I am new to Spark, Scala and Cassandra. Using Spark I am trying to get some ids from MySQL.
import org.apache.spark.rdd.JdbcRDD
import java.sql.{Connection, DriverManager, ResultSet}
Class.forName("com.mysql.jdbc.Driver").newInstance
import com.datastax.spark.connector._, org.apache.spark.SparkContext, org.apache.spark.SparkContext._, org.apache.spark.SparkConf
val myRDD = new JdbcRDD( sc, () => DriverManager.getConnection(url,username,password) ,"select id from user limit ?, ?",1, 20, 10, r => r.getString("id")) ;
myRDD.foreach(println)
I am able to see ids printed on console.
Now For each fetched id I need to do a Sum operation on a table in Cassandra.

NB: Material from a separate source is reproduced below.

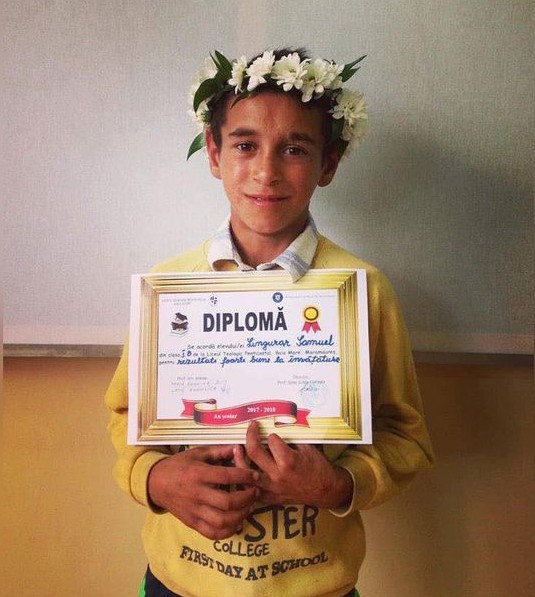 Destinul lui Samuel s-a schimbat radical după ce a fost luat de niște oameni cu suflet mare, care l-au dus și la școală. El nu a lipsit nicio zi de la cursuri, iar clasa I a încheiat-o cu rezultate foarte bune. O tânără care îl cunoaște pe elev a făcut publică o poză cu acesta din ziua premierii și a așternut câteva gânduri în dreptul ei.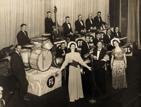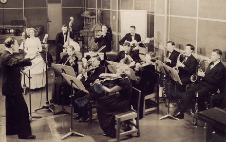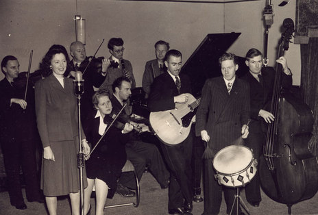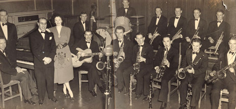 Fred Gore's 2YA Orchestra in the Wellington NZBS studio, c1946. Beside Gore is the expatriate American singer Marion Waite, who married a New Zealand pilot. Bill Hoffmeister is at the piano, behind him is radio host Burton Chadwick. Also identifiable are, from left: Jim Carter guitar, Doug Brewer bass, Vern Clare drums; on trumpets are Ray Smith, Stan Crisp, an unknown player and Dorsey Cameron. The saxophonists are, from left: unknown, Geoff Mechaelis, Eric Foley, unknown and Johnny Williams.

I created a function which I am able to call by passing individual id
object HelloWorld {
def sum(id : String): Unit = {
val each_spark_rdd = uplink_rdd.select("number").where("id=?",Id).as((c: Int) => c).sum
println(each_spark_rdd)
}
}
and declared uplink_rdd as
val uplink_rdd = sc.cassandraTable("keyspace", "table")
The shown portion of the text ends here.